皇學館大、全日本大学野球かけ、きょう3校ともえ戦

【三重学生野球リーグ戦で5季連続優勝を決めた皇學館大=8日、津市安濃球場で】

全日本大学野球選手権(6月7日開幕・神宮ほか)代表決定戦を兼ねた東海地区大学野球春季選手権は22日、岐阜市の長良川球場で開かれる。三重、岐阜、静岡の各県リーグの代表3校がともえ戦で対戦し、優勝校が全国へ。県内からはこの春、5季連続7度目のリーグ優勝を果たした皇學館大が出場する。

三重学生野球リーグ春季リーグ戦で対戦校すべてから勝ち点を奪う完全優勝。リーグ最優秀選手賞を受賞した主将で捕手の中妻和哉(4年・鳴門)を中心とした堅守が持ち味だ。打線も粘り強く、優勝決定戦となった今月8日の三重大戦では1勝1敗に持ち込まれた三重大に一時逆転されながら七回の中妻の適時打で同点にし、村田怜音(2年・相可)の2打席連続本塁打で突き放した。

延長十回タイブレークの末、日本大学国際関係学部(静岡)に0―1で敗れた昨年秋の東海大会以降、守備に加えてバントの練習に励んだという。「強豪校はバントを1球で決める。バントミスを減らして試合を優位に進めたかった」と意図を明かす中妻は東海大会でも「ロースコアに持ち込み、勝負どころで1点取りきる試合展開を目指したい」と話す。

4年生にとって2015年以来の全日本大学選手権出場に挑む最後のチャンス。新型コロナウイルスの影響も色濃く、日頃感染対策に気を使う一方で、岐阜学生野球リーグでは東海大会目前で春季リーグ4位校が岐阜県代表に決まるなど波乱含みだが、集中力は切らさない。「全国大会に行ける確率は(3校中)自分たちが一番低いと思っている。自分たちのあり方を最後まで貫き、その結果が全国大会につながれば良い」(中妻)と平常心を貫く。

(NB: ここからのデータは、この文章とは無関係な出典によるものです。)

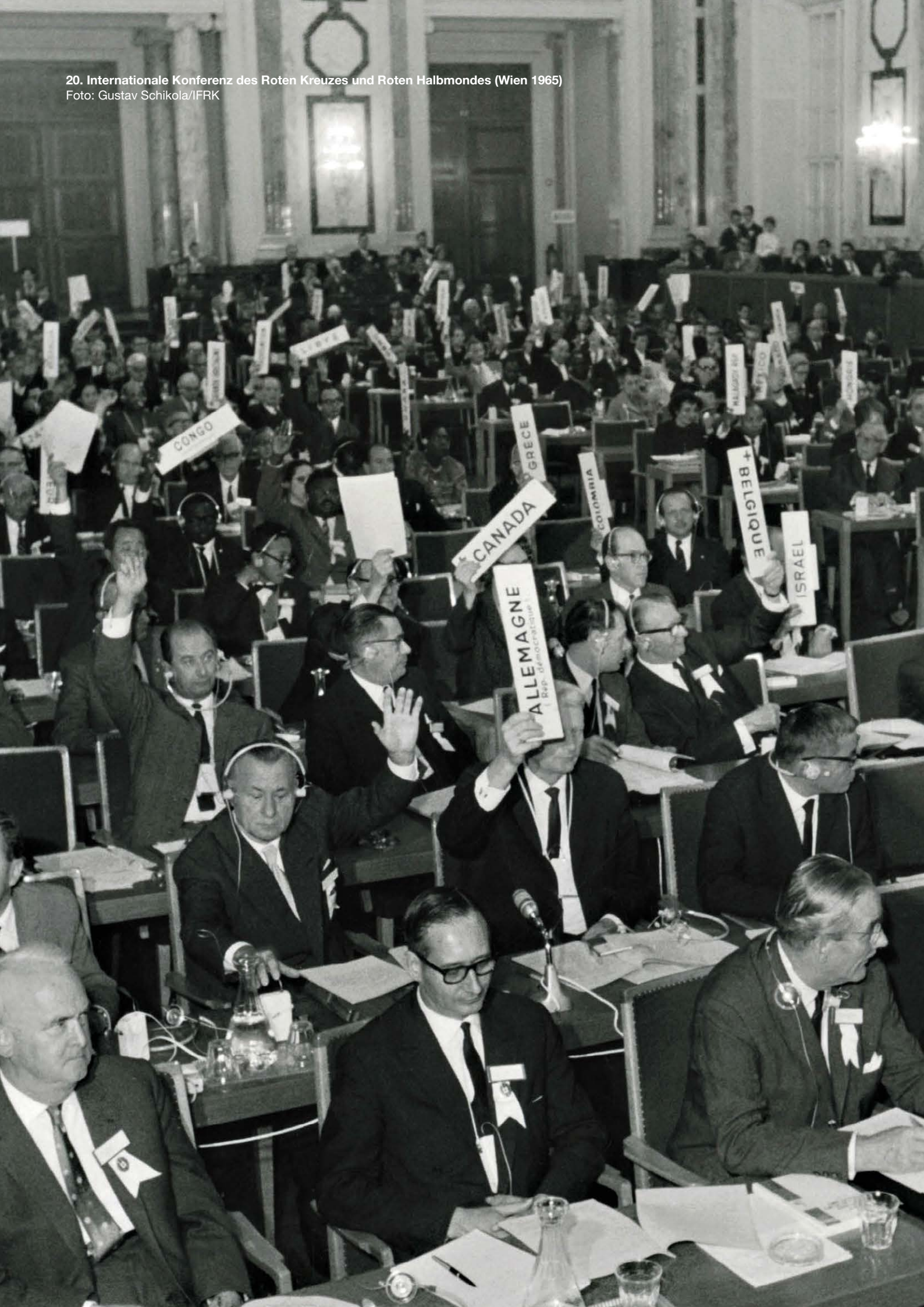
20. Internationale Konferenz des Roten Kreuzes und Roten Halbmondes (Wien 1965)
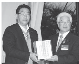
日本ゴルフツアー機構様より
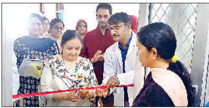
झज्जर। ऑपरेशन थिएटर का उद्घाटन करती सीएमओ।
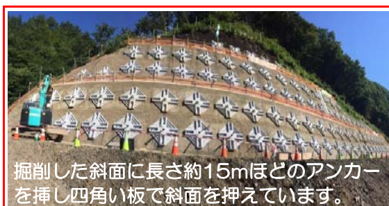
掘削した斜面に長さ約15mほどのアンカーを挿し四角い板で斜面を押えています。

斜面が崩れないように押える工事が完成しました。次は斜面を緑化するための草の種を蒔きます。
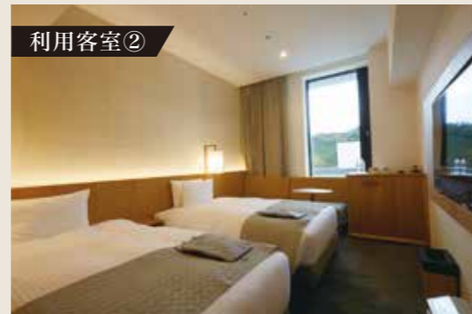
②ツインルーム(定員3名・禁煙)森林側(イメージ)

ご利用料金 1泊朝食付き グループ宿泊料金 ※詳しくは下記カレンダーをご覧ください。
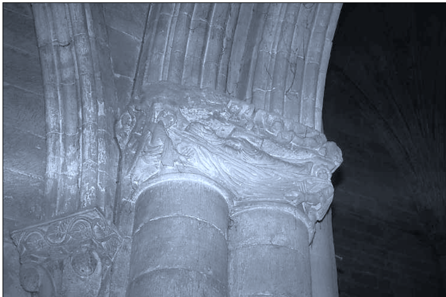
Lám. 4. Catedral de El Salvador en Santo Domingo de la Calzada (La Rioja). Capitel de la primera pilastra empotrada en el muro externo de la girola. Embocadura de la girola por el lado de la Epístola. Asunción de la Virgen.

sagrada. En el románico adoptará la de las doncellas o matronas de Roma-Bizancio y no aparecerá nunca con la de tipo regional o palestiniano. Va a consistir en túnica, manto, velo que cubre tanto cabeza como peinado, calzado y a veces corona. A pesar de los cambios de moda, este atavío permaneció inalterado y adquirió carácter sagrado 19 .
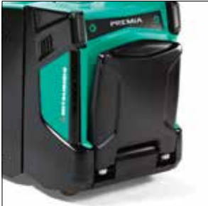
Plataforma plegable (PBP20N2R)
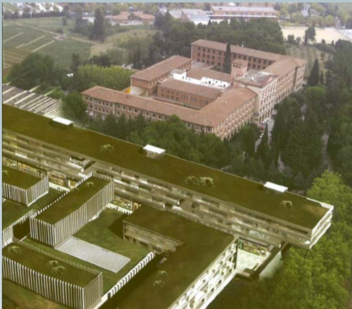
Proyecto ESADE– Creápolis

La ZAL constituye un clúster logístico de empresas del sector con actividades afines y complementarias; en cambio, la visión de ESADE – Creápolis es justamente la inversa: la de un anti – clúster que, precisamente por ello, puede aportar enfoques diferentes e innovadores sobre problemas comunes tanto a los usuarios de la ZAL como a proyectos del ILI.
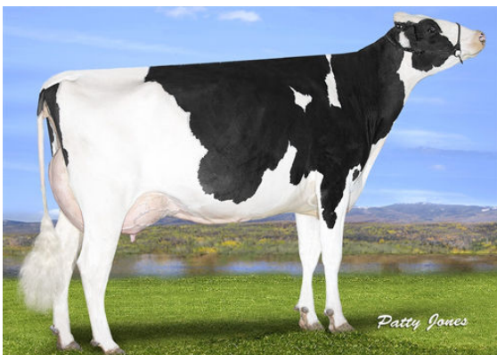
OCD DELTA MISSY
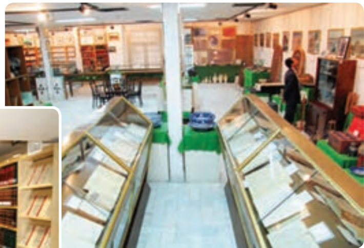
شکل ۱۲-۶- موزه کتابخانه وزیری یزد

فرهنگ و هنر: در سال‌های ۱۳۸۵-۱۳۵۷ تعداد کتابخانه‌های عمومی استان نزدیک به پنج برابر و تعداد کتاب‌های موجود در این کتابخانه بیش از ۹ برابر افزایش داشته است. تعداد سالن‌های سینما از سه سالن به پنج سالن افزایش یافته است. تعداد چاپخانه‌ها نیز چهار برابر و نشریات محلی از سه عنوان به ۶۲ عنوان رسیده است. توسعه و گسترش کانون‌های پرورش فکری کودکان و نوجوانان و کانون‌های فرهنگی و هنری از جمله دیگر فعالیت‌های فرهنگی انجام گرفته بعد از پیروزی انقلاب است. همزمان با گسترش شبکه‌های سراسری صدا و سیما شبکه استانی صدا و سیما نیز افتتاح گردیده است.

東海地区大学春季選手権 皇學館大(三重)、岐阜聖徳学園大、日大国際関係学部(静岡)が出場し、皇學館大は2015年以来2度目の全日本大学選手権進出を目指す。試合形式はともえ戦で、皇學館大は第2試合(午前11時~)で日大国際関係学部―岐阜聖徳の敗者、第3試合(午後2時~)で日大国際関係学部―岐阜聖徳の勝者との2連戦。新型コロナウイルス感染拡大防止のため無観客で行われる。